Hello,
I read the article from @amn41 about supervised embeddings. There it is stated that:
You often don’t have word vectors for some important words,[…] With our standard approach [I assume that was spaCy at that time], you can’t learn vectors for these words, so they never carry any signal.

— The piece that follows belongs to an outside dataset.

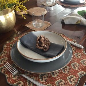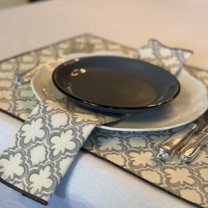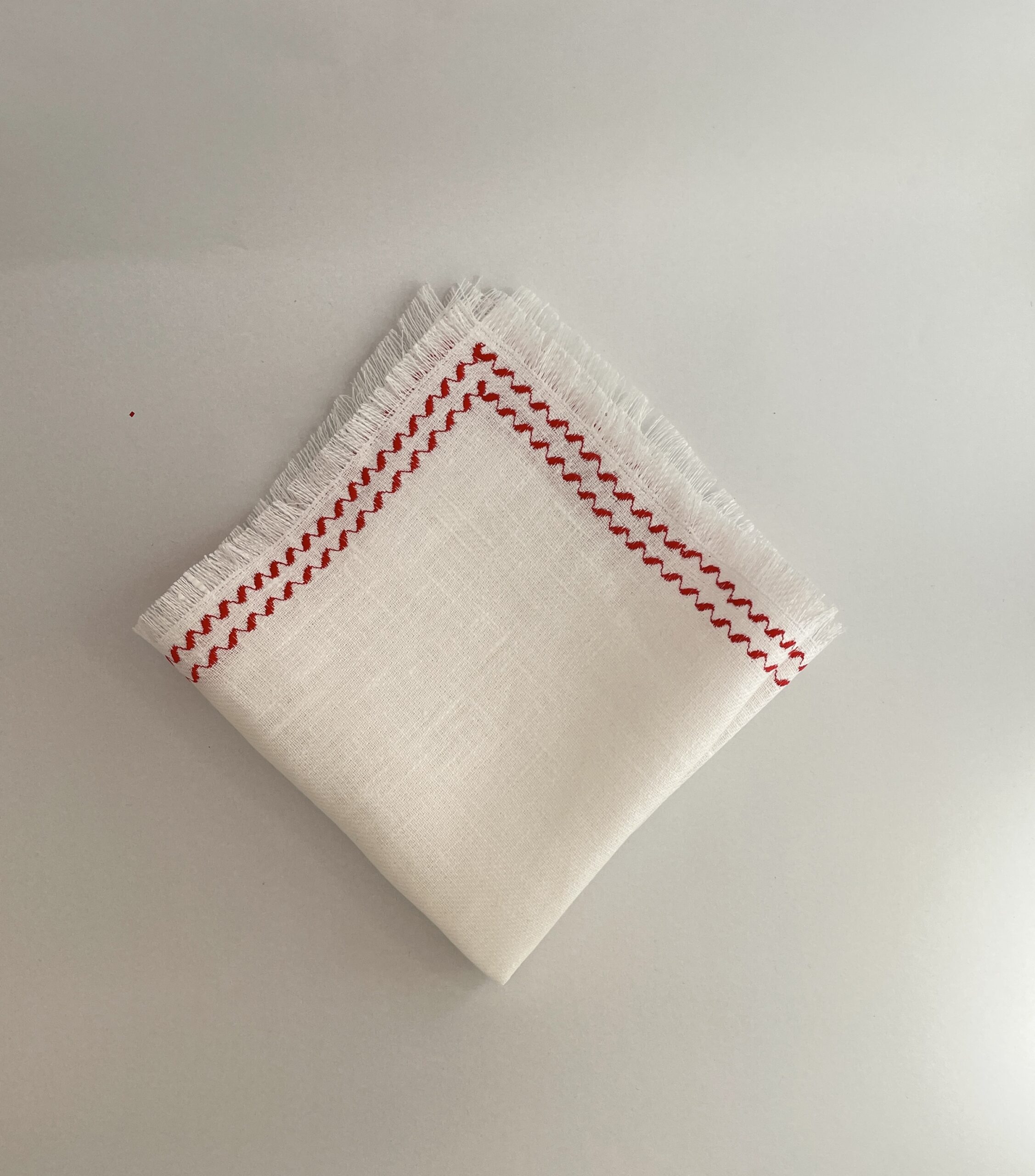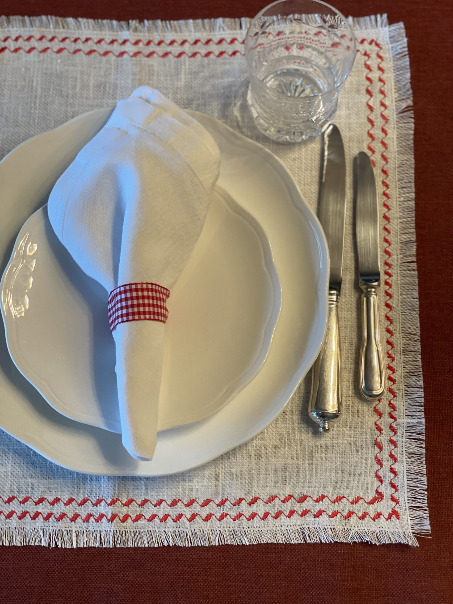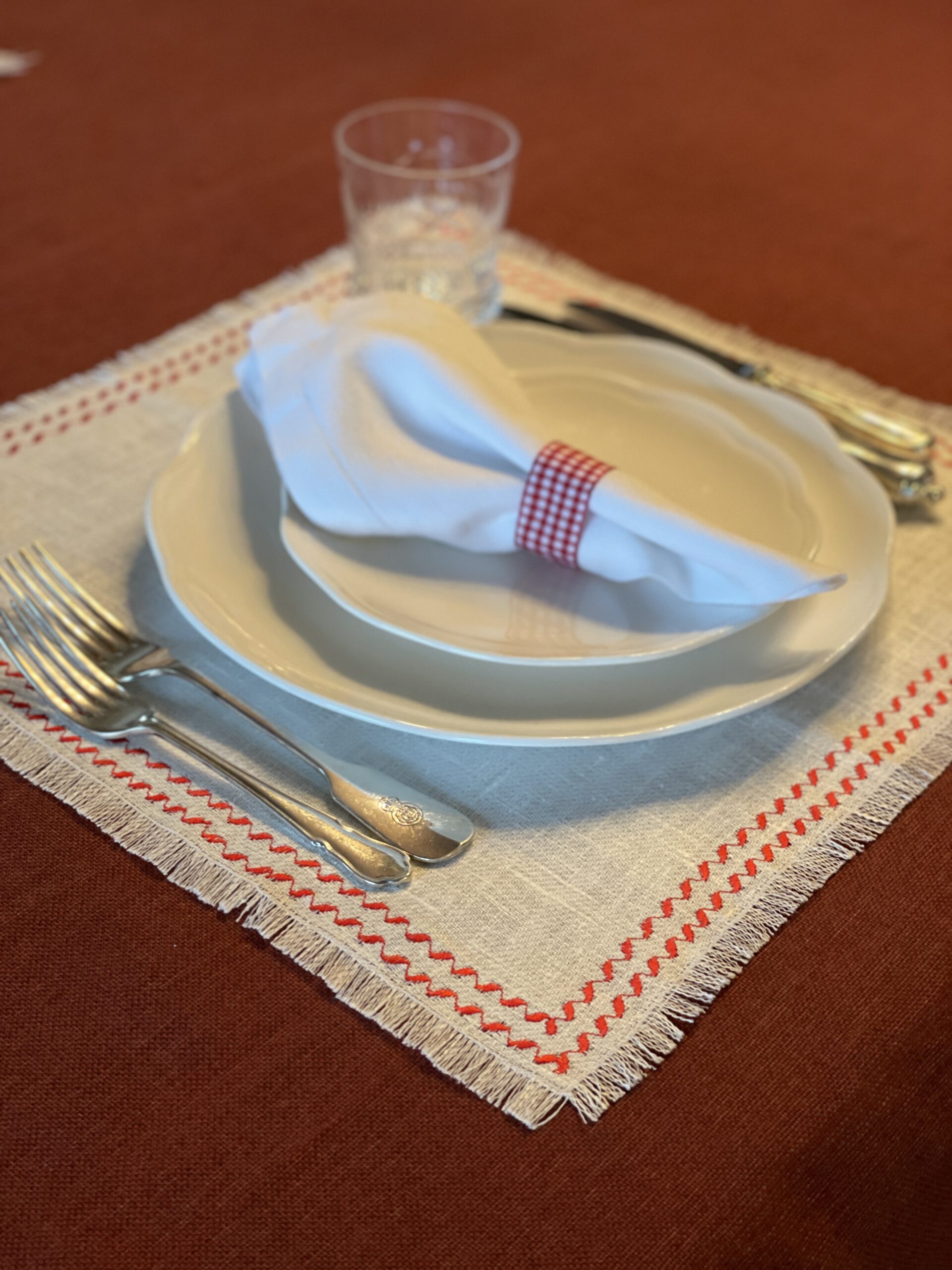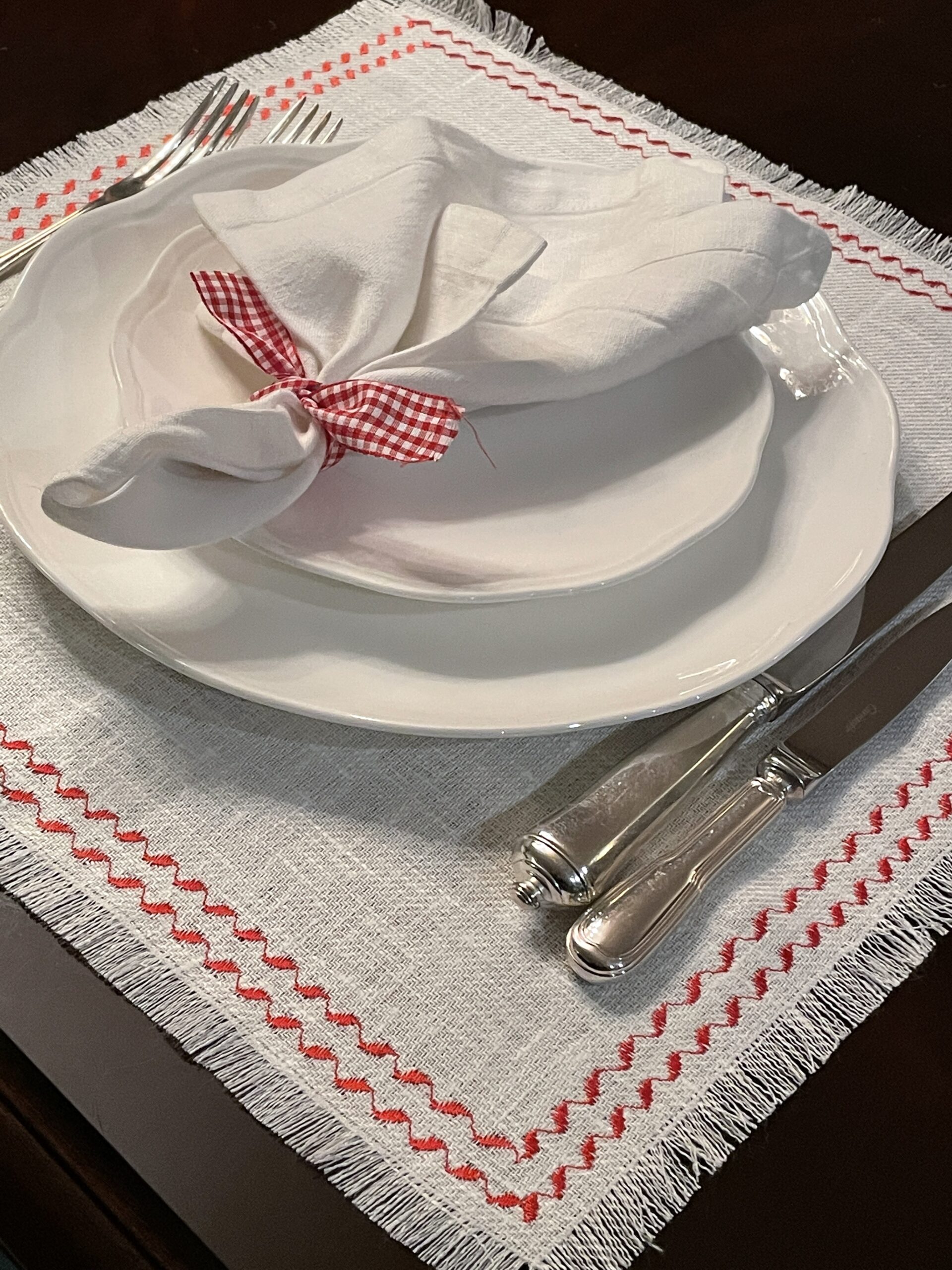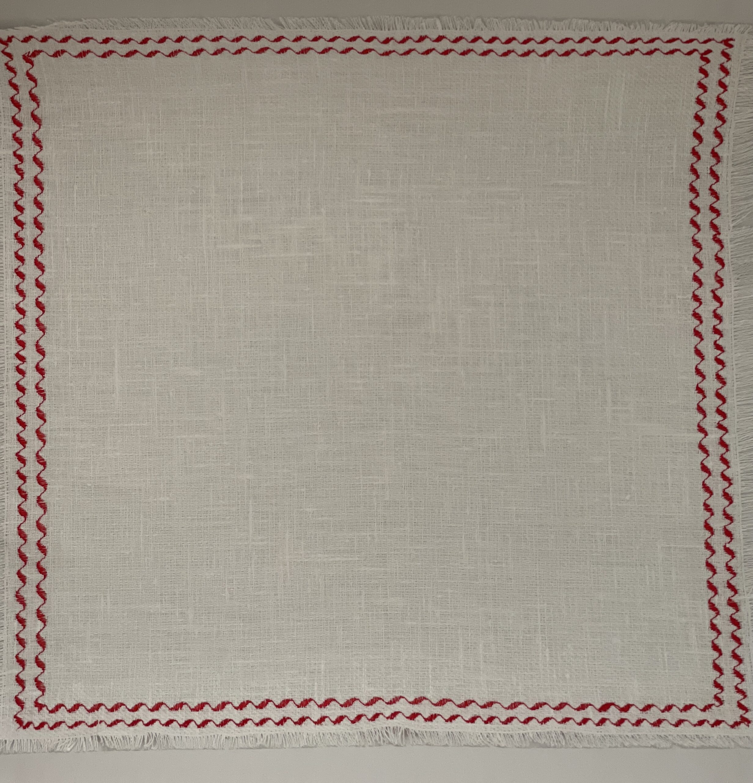 %100 Doğal ham ketenden yapılmış 42 × 42 cm ebatlarında beyaz nakışlı amerikan servisimiz.

While I can see how this is possible with the old pretrained_embeddings_spacy-Pipeline which was defined as followed:
language: "en"
pipeline:
- name: "SpacyNLP"
- name: "SpacyTokenizer"
- name: "SpacyFeaturizer"
- name: "RegexFeaturizer"
- name: "CRFEntityExtractor"
- name: "EntitySynonymMapper"
- name: "SklearnIntentClassifier"
I wonder if this is still true for the currently suggested spaCy-Pipeline:
pipeline:
- name: SpacyNLP
- name: SpacyTokenizer
- name: SpacyFeaturizer
- name: RegexFeaturizer
- name: LexicalSyntacticFeaturizer
- name: CountVectorsFeaturizer
- name: CountVectorsFeaturizer
analyzer: "char_wb"
min_ngram: 1
max_ngram: 4
- name: DIETClassifier
epochs: 100
- name: EntitySynonymMapper
- name: ResponseSelector
epochs: 100
Here are additional Featurizers - like the CountVectorsFeaturizer
- present, therefore it should be possible for the classifier to take advantages of the features generated by these featurizers. So if a word is OOV for spaCy it should nowadays (the original article is from 2018) still carry a signal for the prediciton.
Is my assumption correct?